Task goal: Below are the records; repeat exactly their lines between the line holding "특히 핑크 하트 풍선과" and the line holding "2025年暑期工程实践活动出", inclusive, skipping the pictures.

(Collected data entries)
----
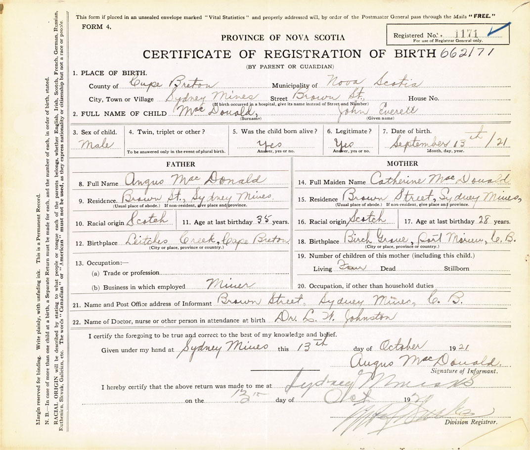 21. Name and Post Office address of Informant Angus MacDonald Brown Street, Sydney Mines, Cape Breton Co., NS
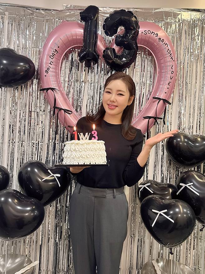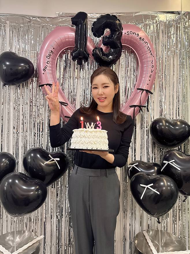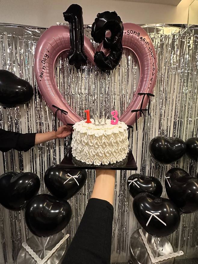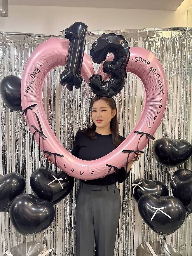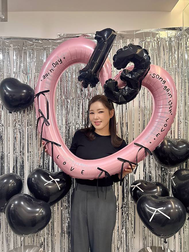 특히 핑크 하트 풍선과 블랙 포인트의 대비가 송가인의 우아한 이미지를 더 돋보이게 했어요.
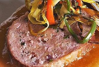 - Finalmente, servimos las rodajas de albondigón regadas con la salsa y acompañadas con las verduras.
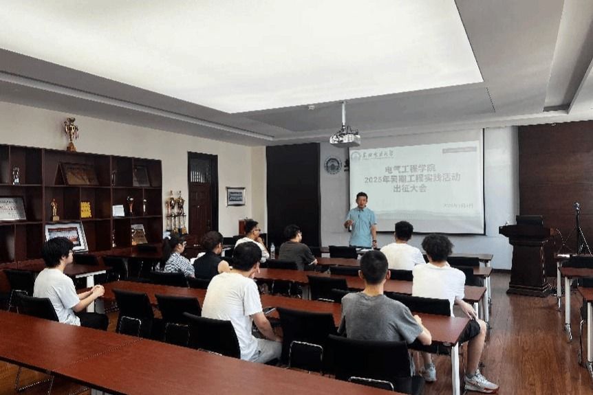 2025年暑期工程实践活动出征大会在电动大楼A412举行。此次大会为即将奔赴江苏金智科技股份有限公司、烟台东方威思顿电气有限公司、天宇电力设备有限公司等实习单位的大二、大三共19名学生壮行,助力他们在实践中实现理论与能力的深度融合。
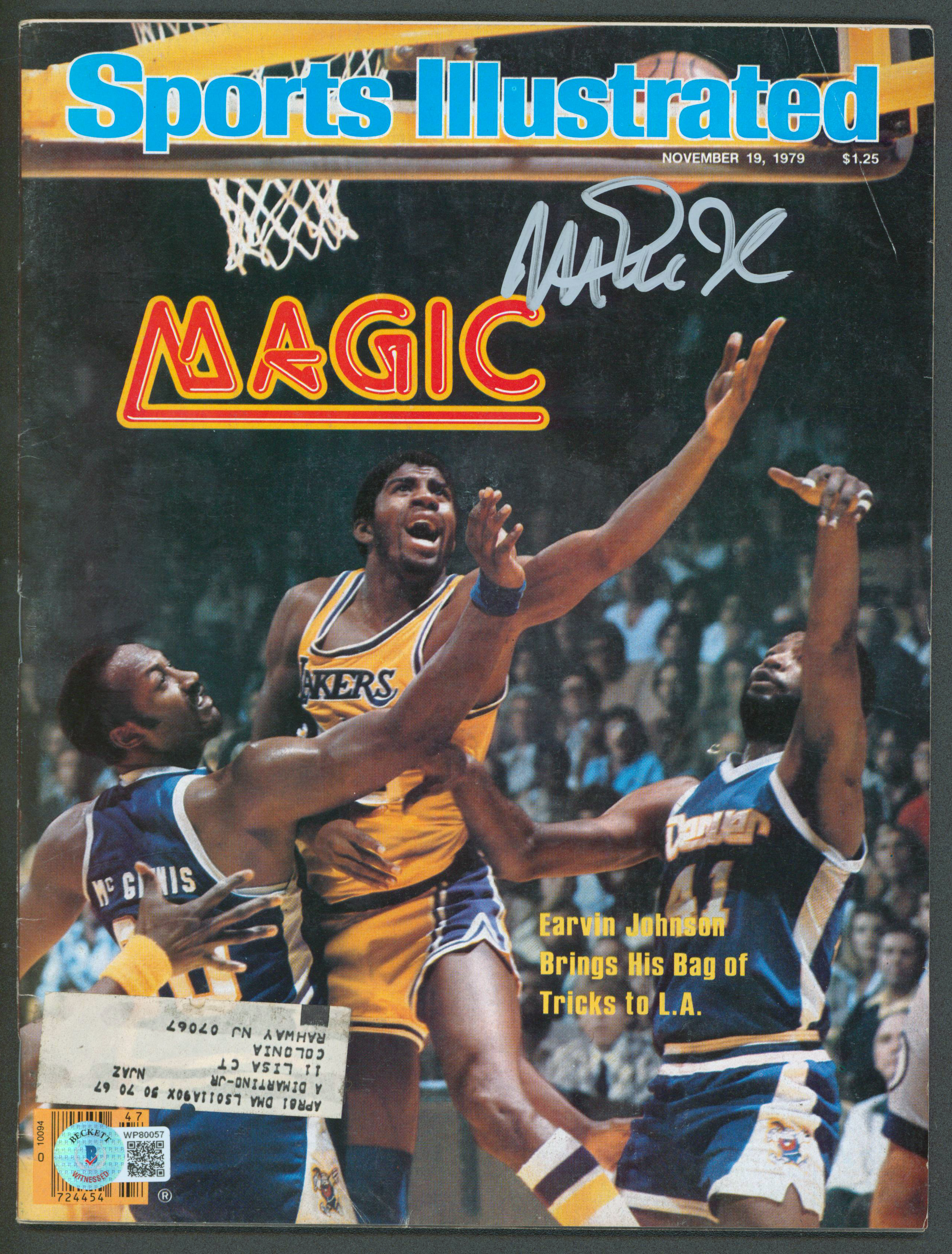 This Autographed Sports Illustrated November 19, 1979 Magazine has been Personally Signed by Magic Johnson of the Los Angeles Lakers. This item is 100% Authentic to include a hologram by Beckett Authentication Services. This item will come with the new Beckett Authentication hologram that has a scannable QR code rather than the traditional COA. If you would like to have a COA, you are welcome to reach out to Beckett for a printed certification once you receive your item. This is a BAS Witnessed Protection Program item which means a Beckett Authentication Service representative was present when this item was being signed. This is a stock item. We conducted an autograph signing with Magic Johnson and we have several of these available. The one you will receive will be of equal quality to the one pictured. This item can be verified through BAS Witnessed.
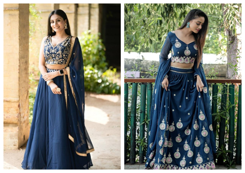 The trends of blue lehengas have jumped to a higher level with celebrity brides and designer collections, breaking blue out on the runways and into weddings. This year, the most sought after and featured designers are showing blue silk lehengas with different styles, mirror-work georgette sets, and sequined net lehengas, sparking and shining under the lights.
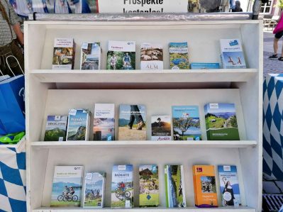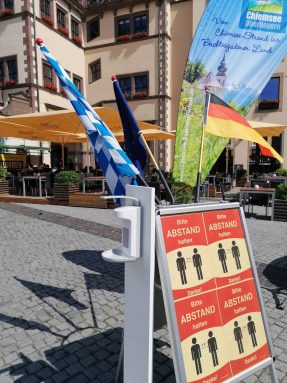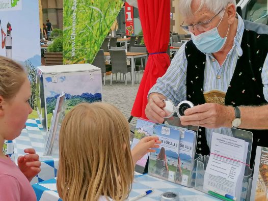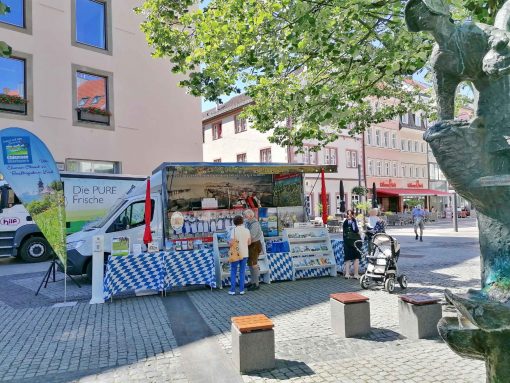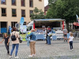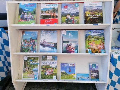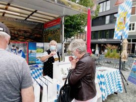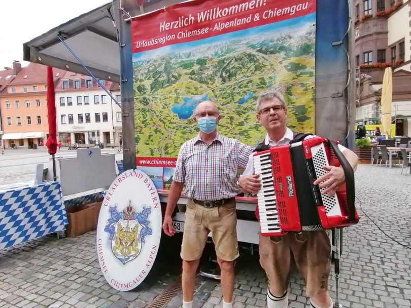 „Endlich konnten wir wieder los legen. Bei angenehmen Temperaturen, mit Corona-Abstandsplakaten, Desinfektionsstation und Gesichtsmasken bauten wir unseren weiß-blauen Urlaubs-Truck auf dem großen Marktplatz vor dem Rathaus in Schweinfurt auf. Nordbayern ist für unsere Ferienregion ein wichtiges Quellgebiet. Darum sind wir öfter dort unterwegs. Auch diesmal war der Zuspruch der Interessenten wie gewohnt sehr rege. An den nur an die weiblichen Besucher verteilten Überseer Schokoladenherzen lässt sich ganz gut ablesen, wie stark die Nachfrage am Stand ist. Am Donnerstag Mittag waren schon die ersten 100 weg! Mit den Tragetaschen war es ähnlich. Unter dem Strich war es so, dass die mitgeführten Rad- und Wanderkarten und -Broschüren gerade so bis Samstag reichten, bevor uns ein finales Gewitter ein unerwartet feuchtes Ende des Werbeeinsatzes bescherte. Bis dahin sorgte unser Musiker-Schorsch aus Eggstätt fleißig für musikalische Unterhaltung und auch Peter Kreitmeier aus Oberaudorf leistete mit seinem barocken Charme und seinem fundierten touristischen Erfahrungsschatz wertvolle Werbearbeit. Teilweise war es schon anstrengend – und vor allem warm. Aber der kleine Beitrag zum Marketing für unsere reizvolle Region hat auch wieder Spass gemacht!“
----
Solution for this exercise:
 특히 핑크 하트 풍선과 블랙 포인트의 대비가 송가인의 우아한 이미지를 더 돋보이게 했어요.
 - Finalmente, servimos las rodajas de albondigón regadas con la salsa y acompañadas con las verduras.
 2025年暑期工程实践活动出征大会在电动大楼A412举行。此次大会为即将奔赴江苏金智科技股份有限公司、烟台东方威思顿电气有限公司、天宇电力设备有限公司等实习单位的大二、大三共19名学生壮行,助力他们在实践中实现理论与能力的深度融合。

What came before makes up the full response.